The Oregon Senate has passed a bill establishing permanent Daylight Saving Time in the state, and the Governor has signaled she supports the effort. If it passes the House (and possibly the US Congress, it is a bit ambiguous to me), it could end the semi-annual resetting of clocks which causes so much annoyance and increase of injury and deaths.
Personally speaking, I'd rather it settled on permanent Standard time than Daylight time, but as long as it is steady I think it's better than the current regime.
See also:
Texas efforts: https://soylentnews.org/article.pl?sid=19/03/05/1413228
Europe's efforts: http://fortune.com/2019/03/26/european-union-parliament-daylight-saving-time/
Mandatory XKCD: https://www.xkcd.com/1268/
(Score: 3, Informative) by c0lo on Sunday April 07 2019, @02:34AM
If this is you definition for noon (which is called the solar noon [wikipedia.org]), you are willing to accept that the time between two successive noons (the solar noon day) will vary through the year - see? the Earth orbit is elliptical.
Even more, there will be only one longitude that will see an exact 24h solar noonday (and the antimeridian will experience an exact 24 solar midnight day).
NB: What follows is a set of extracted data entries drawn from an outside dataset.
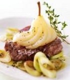 600 г мякоти свинины, 2 груши, 2 стебля лука-порея, 150 г сметаны, розмарин, 2 ст.л. топленого масла, 3 ст.л. повидла (из шиповника), карри, паприка, перец чили, соль, черный перец.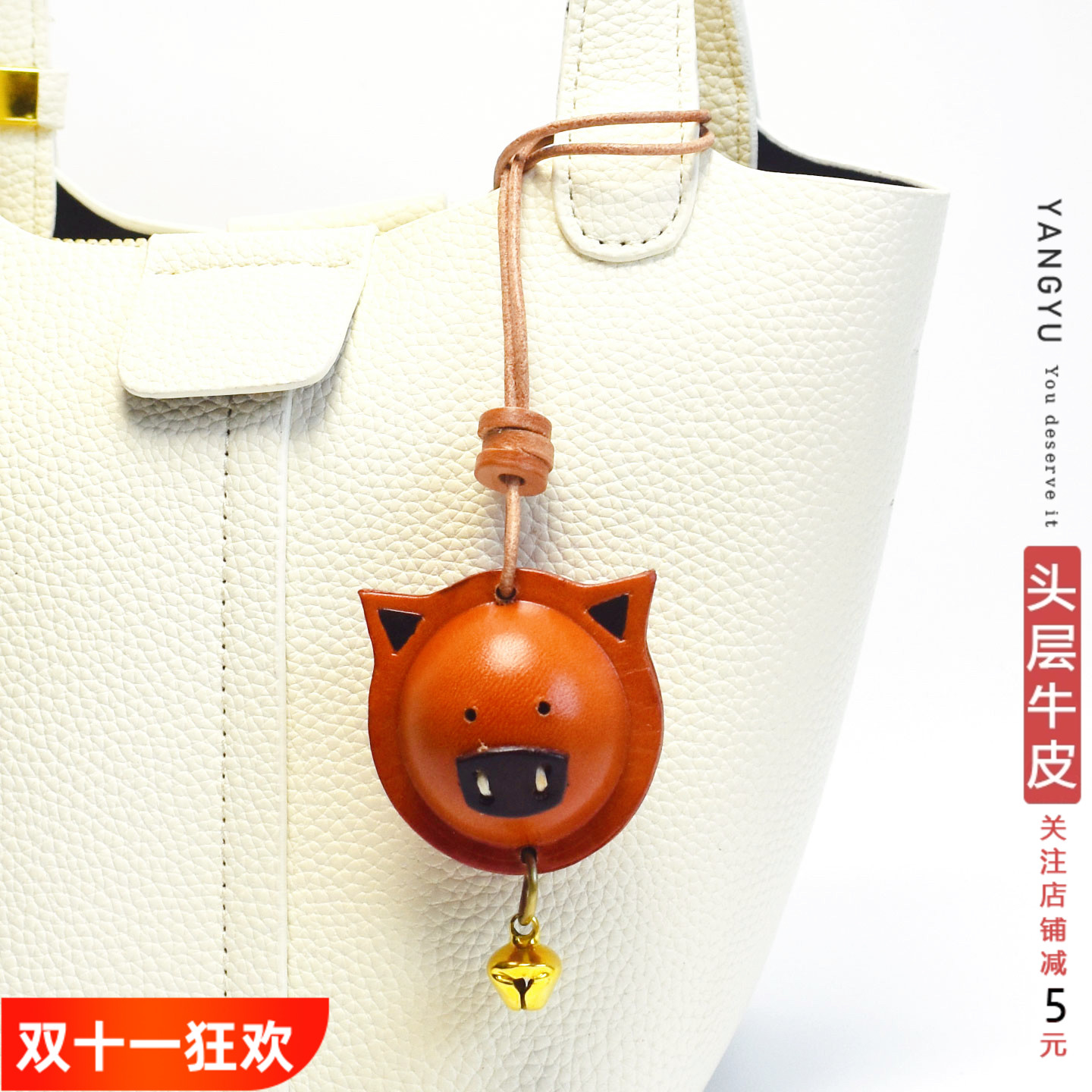 『平安小猪』北欧真皮包挂件汽车挂饰牛皮钥匙扣手帐毕业季伴手礼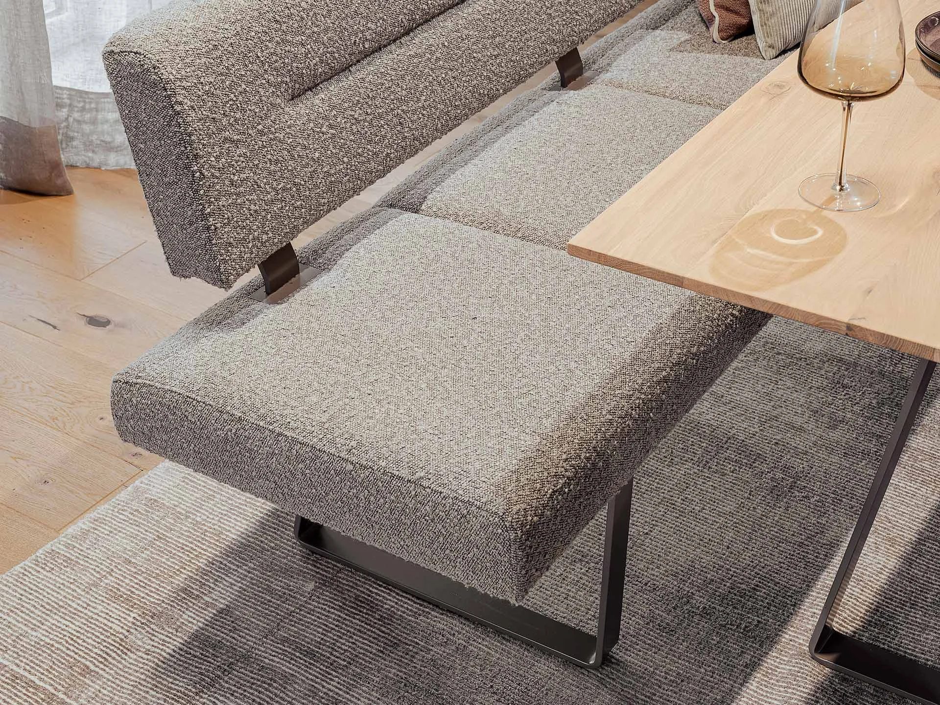 gepolsterte Einzelbank oder Eckbank in Stoff oder Leder, Füsse in Holz, cm-genau Maßanfertigung

And this longitude will vary from one year to the other - the year not being an exact multiple of days.
There are 4 days in a year when one solar noon day is the closest to 24 h: 11 Feb, 13 May, 25 Jul and 3 Nov.
There are 2 days when the solar noon day is the longest: around 20 Jun with 13s longer, and 21 Dec with 30s longer.
There are 2 days when the solar noon day is the shortest: around 25 Mar - 18s shorter - and 13 Sep is 22s shorter.
Ummm... you were saying... "Better ..." what?